Jackson was first bypassed on its eastern side around 1959 with a new US 127 freeway. At that time, the former routing of US 127 through downtown was redesignated Bus. US 127. In 1964, several changes were made to the business routes in downtown Jackson. Southbound Bus. US 127 traffic was shifted off Michigan Avenue along Blackstone Street to Washington Avenue, and from there it ran along Washington to Francis Street and back to Michigan Avenue. The northbound traffic was shifted north at Mechanic Street to Pearl Street, continuing until turning south at Blackstone back to Michigan Avenue. The eastern end was updated further in 1968 to use Louis Glick Highway to connect to the northern half of the loop around downtown to Michigan Avenue. A set of connector streets on the western side of the downtown loop opened in November 1969 to streamline the flow of traffic further resulting in the last changes to the BL I-94 routing in Jackson. Southbound traffic was redirected to the connector on Michigan Avenue just east of Third Street. This connector curved south then east to Washington Avenue near First Street. Louis Glick Highway was extended west from Blackstone curving south to merge into Michigan.

Major intersections

| Location | mi | km | Destinations | Notes |
| Summit Township | 0.000 | 0.000 | US 127 M-50 east – Monroe | Southern end of M-50 concurrency; exit 34 on US 127 |
| Jackson | 3.315– 3.480 | 5.335– 5.601 | BL I-94 east (Michigan Avenue) M-106 north (Cooper Street) | Eastern end of BL I-94 concurrency; southern terminus of M-106 |
| 4.697 | 7.559 | BL I-94 west (Michigan Avenue) | Western end of BL I-94 concurrency |
| Blackman Township | 6.443 | 10.369 | I-94 / US 127 south US 127 north / M-50 north – Lansing, Charlotte | Northern end of M-50 concurrency; exit 138 on I-94 and exit 43 on US 127; roadway continues northward as US 127/M-50 freeway |
1.000 mi = 1.609 km; 1.000 km = 0.621 mi Concurrency terminus;

==Mason==

Business US Highway 127 (Bus. US 127) was a business loop that ran through downtown Mason. It started at an intersection on the southern edge of the city where US 127 split from Hull Road to bypass downtown Mason to the west. From there, the business loop ran northward along Hull Road, becoming Jefferson Street. At the intersection with M-36 (Ash Street), Bus. US 127 turned westward and ran concurrently with M-36. After four blocks and a crossing of the Sycamore Creek, Bus. US 127/M-36 turned northward on Cedar Street to Columbia Avenue and then turned westward along Columbia to an intersection with US 127 west of downtown.

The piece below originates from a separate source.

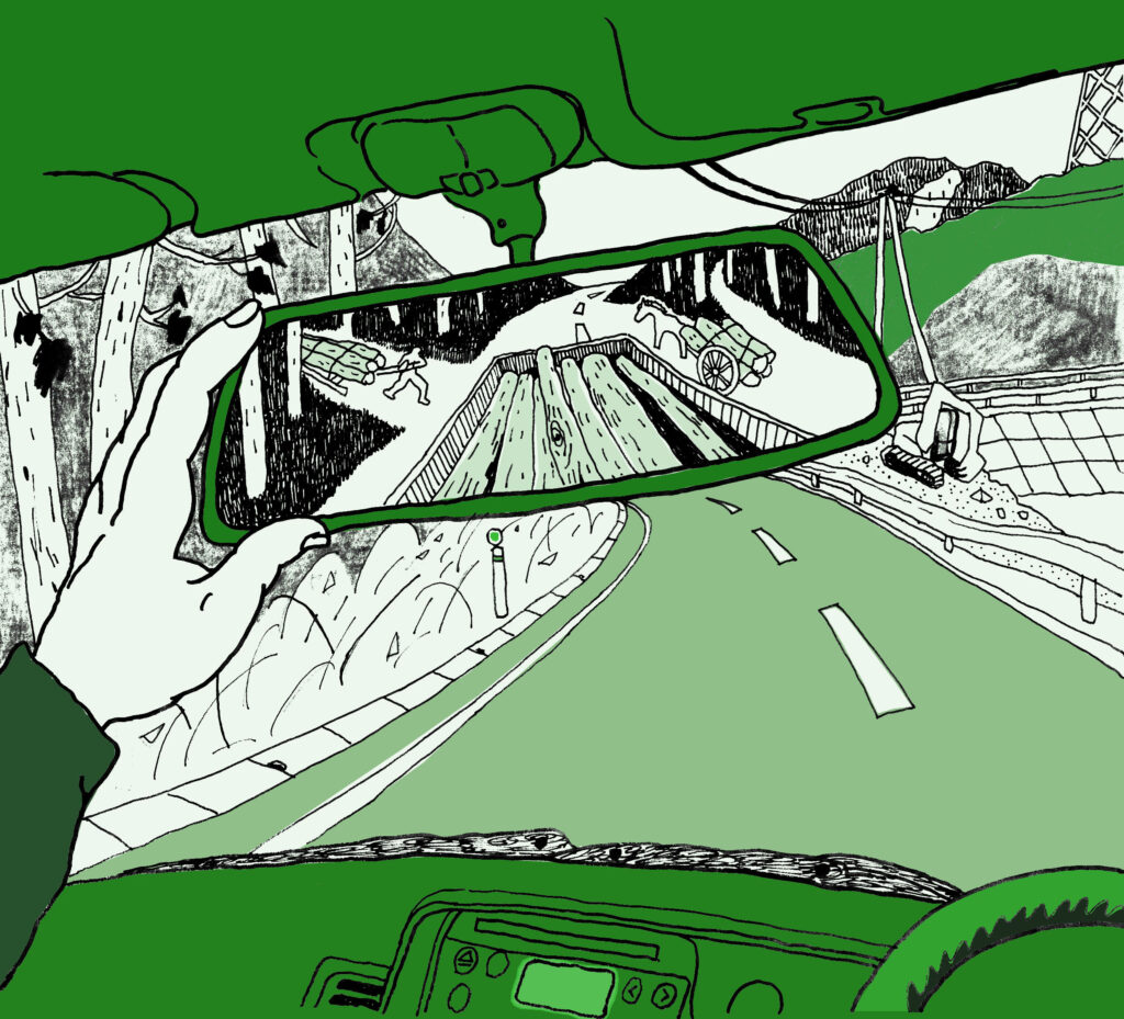 “woods in the rearview mirror” is an archive of a research project by kenchiku-downers, ongoing since 2022, which explores the relationships between mountains, timber, and architectural production.

The state bypassed Mason around 1946, building a new highway to the west of downtown, and the former route of US 127 through downtown was redesignated Bus. US 127. This business loop existed until 1964. At that time, the bypass around Mason was upgraded to a full freeway with an interchange at Cedar Street northwest of downtown. Two segments of highway were turned over to local control at this time: the southern half of Bus. US 127 along Hull Road and Jefferson Street as well as the section of Bus. US 127/M-36 along Columbia Avenue. M-36 was extended northward along Cedar Street to the new interchange, and the Bus. US 127 designation was decommissioned.

Major intersections

| mi | km | Destinations | Notes |
| 0.000 | 0.000 | US 127 – Jackson, Lansing |  |
| 1.292 | 2.079 | M-36 east – Pinckney | Eastern end of M-36 concurrency |
| 2.369 | 3.813 | US 127 – Jackson, Lansing M-36 east | Western end of M-36 concurrency; western terminus of M-36 |
1.000 mi = 1.609 km; 1.000 km = 0.621 mi Concurrency terminus;

==Lansing==

Business US Highway 127 (Bus. US 127) is a business route in Lansing that is unsigned. The trunkline starts at an intersection with Business Loop Interstate 96 (BL I-96) at the corner of Cedar and North streets in the northern part of the city. Marked as Old US 27 on maps, the business route follows Cedar Street northeasterly and transitions onto East Street. The highway runs through residential areas on the north side of Lansing. Along the route of Bus. US 127, the highway is immediately bounded by some commercial businesses. At Sheridan Road, the highway crosses from Ingham County into Clinton County and continues as a road named Old US 27. Bus. US 127 continues through suburban southern Clinton County, still bordered by businesses and residential neighborhoods, northward to an interchange with I-69 in DeWitt Township.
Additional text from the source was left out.